The manufacturing purchasing managers’ index, a key gauge of industrial health, rose to 50.1 in December, according to the National Bureau of Statistics. The reading moved just above the 50-point threshold that separates expansion from contraction, marking the first positive figure since March.
The outcome was stronger than expected, exceeding a Bloomberg survey forecast that had predicted the index would remain at 49.2. The non-manufacturing PMI also improved, rising to 50.2 in December after slipping to 49.5 the previous month, returning that sector to expansion territory.
An NBS statistician said the data showed an overall improvement in economic activity, offering some encouragement to policymakers in Beijing as they confront persistent domestic challenges.

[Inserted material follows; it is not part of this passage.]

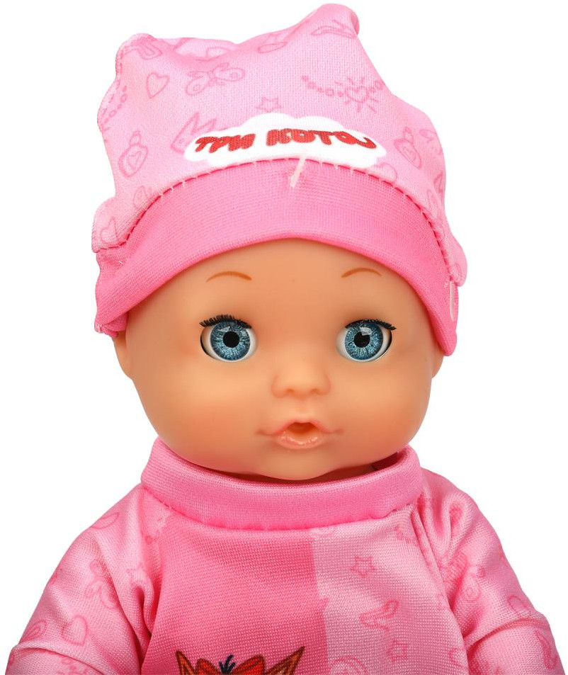 Развивающая интерактивная кукла «Три кота. Малышка» ТМ «Карапуз» станет прекрасным подарком для вашей принцессы. Этот милый пупс, с детально проработанным личиком, обязательно понравится вашей малышке. Куколка одета в розовый костюмчик с тематическим принтом и милую шапочку. Одежда легко надевается и снимается. С такой куклой девочка может играть в самые разные игры, гулять с ней, петь песни, кормить, переодевать, рассказывать сказки и укладывать спать. Игра с интерактивным пупсом ТМ «Карапуз» учит ребёнка заботиться об окружающих, быть ответственным и внимательным.

China’s growth has been weighed down by cautious consumer spending linked to a prolonged property-sector debt crisis. Retail sales growth in November slowed to its weakest pace in nearly three years, highlighting the depth of consumer concerns.
Reviving demand has become a top policy priority. Authorities announced this week that 62.5 billion yuan, or about $8.9 billion, in new funding would be allocated to an existing consumer goods trade-in programme in the coming year. The subsidies will apply to items such as household appliances, vehicles and computers.
Analysts cautioned that the improvement may be limited. Capital Economics said the PMI data suggested only a partial rebound in investment and construction activity, while the service sector remained weak and manufacturing growth continued to rely heavily on exports.
Structural challenges from the property downturn and industrial overcapacity are expected to persist into 2026, the firm added.